Tras decir esto recordó una discusión reciente en la clase de Ecología. Apresurada sacó
de su mochila un libro de Biología y buscó en el índice «Darwin: evolución y selección
natural». Llegó a la página 20 y señaló para Matías el axioma número uno: «Entre miembros
de una especie dada ocurren diferencias hereditarias. Algunas de estas variaciones aumentan
las posibilidades de sobrevivir, mientras que otras las disminuyen».
—¡Exacto! —respondió Matías—. De acuerdo a lo que Darwin dijo, el cáncer no
aparece por voluntad de la vida, por castigo de Dios ni por rencores guardados; ha sido parte
de nuestra evolución como especie.
—¡Momento! —expresó Ana tratando de frenar las afirmaciones de Matías—. Si el
cáncer ha evolucionado junto con la especie, ¿por qué no se ha desarrollado un mecanismo
que lo controle? Más bien parece que día a día gana terreno. ¿Para qué existe el cáncer?
—¿¡Como de que «para qué»!? —preguntó Matías sorprendido.

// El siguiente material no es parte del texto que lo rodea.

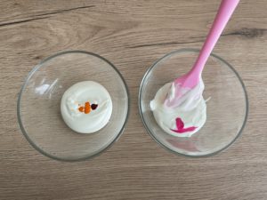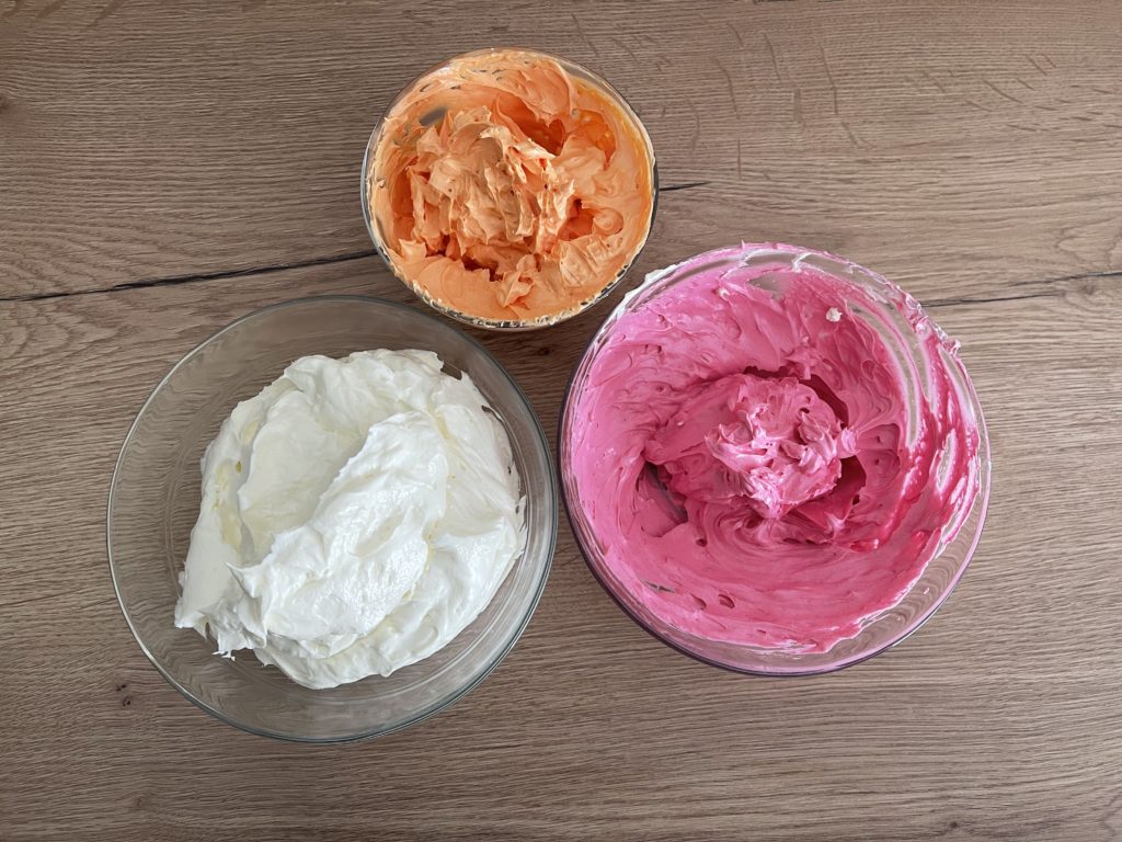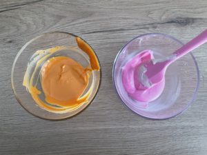 5. Versez la crème dans plusieurs bols afin de la colorer (1 bol par couleur). Ici nous avons opté pour du rose fuchsia, du blanc et du orange.

Ana no aclaró su pregunta y cuestionó de nuevo:
—¿Por qué la humanidad debe seguir padeciendo esa maldita enfermedad de todos los
tiempos?
Matías se colgó a la espalda su mochila desteñida:
—Desafortunadamente no lo sé. Constituye un misterio que hoy es motivo de muchas
investigaciones científicas.
Y, mientras pensaba que Ana mantenía una postura antidarwiniana sobre la vida,
agregó irónico:
—Roguemos porque pronto se pueda descifrar.